A system of species transport equation can be solved. For $$1<i<n_{species}$$, it writes:

$\omega_i \left( \frac {\alpha \mathbf{C_i}^{n+1} + \beta \mathbf{C_i}^n + \gamma \mathbf{C_i}^{n-1}} {\Delta t} + \mathbf{u^{n+1}} \cdot \nabla \tilde{C_i} \right) = \nabla \cdot \left( \lambda \nabla C_i^{n+1} \right)$

where values of $$\alpha, \beta, \gamma$$ helps to switch from Euler time discretization scheme of order 1 to the 2nd order backward differential one:

$$\alpha = 1, \beta = -1, \gamma = 0$$ for the Euler scheme

$$\alpha = \frac {3} {2}, \beta = -2, \gamma = \frac {1} {2}$$ for 2nd order BDF

As regards the advection term, velocity at time $$t^{n+1}$$ is know since the Navier-Stokes equations are solved before. This term can be treated explicitly ( $$\tilde{C_i}=C_i^{n}$$) or implicitly ( $$\tilde{C_i}=C_i^{n+1}$$)

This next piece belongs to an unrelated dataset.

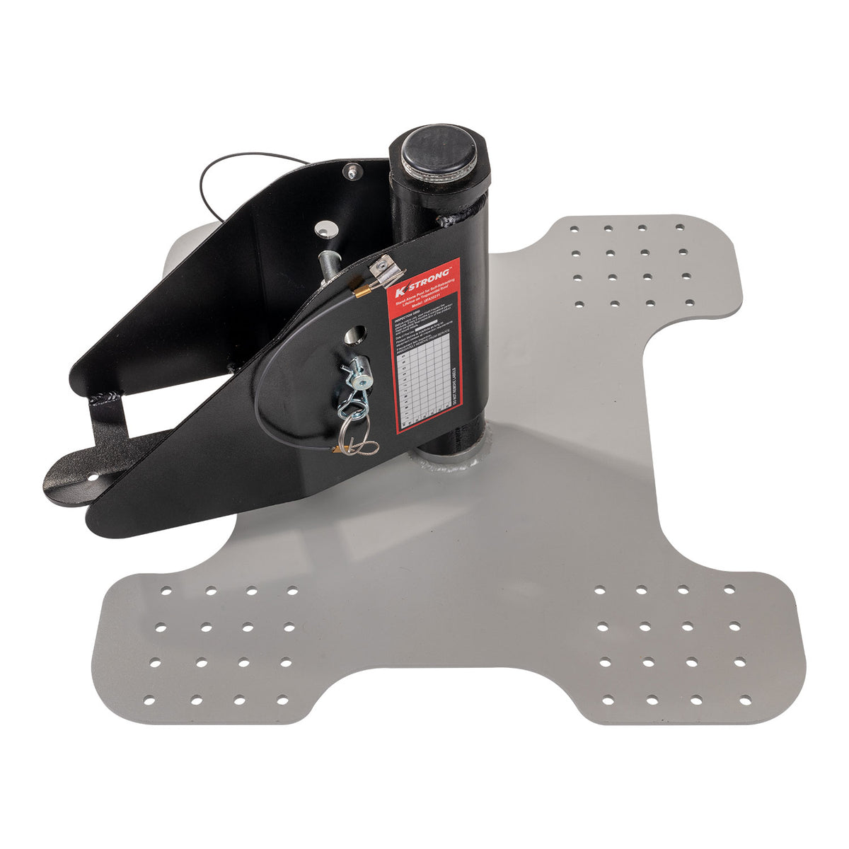 The KStrong® Swivel Receiving Anchor is designed for use on metal roof decks, providing a secure and reliable anchorage point for SRLs (Self-Retracting Lifelines). This anchor post is suitable for metal pitched roofs and can be easily fixed using suitable fasteners. It is compatible with all KStrong retractable fall arrester blocks, allowing for 360° rotation to ensure maximum safety and mobility. The anchor is easy to install, reusable, and constructed from high-strength alloy steel with an ED coated black finish for durability. It meets or exceeds ANSI Z359.18-2017 Type A standards.

### Description of the directory

• variables.f90 defines scalar variables associated to the resolution of this equation (time step, schemes, etc.)
• fields.f90 defines field arrays of this equation (species concentration, diffusion coefficient, etc.)
• solve.f90 does the discretization of the equation and call the linear system solver to compute the solution. It is called in the time loop.

## ◆ solve_species_transport()

 subroutine solve_species_transport

The generic advection/diffusion equation is used to solve this equation.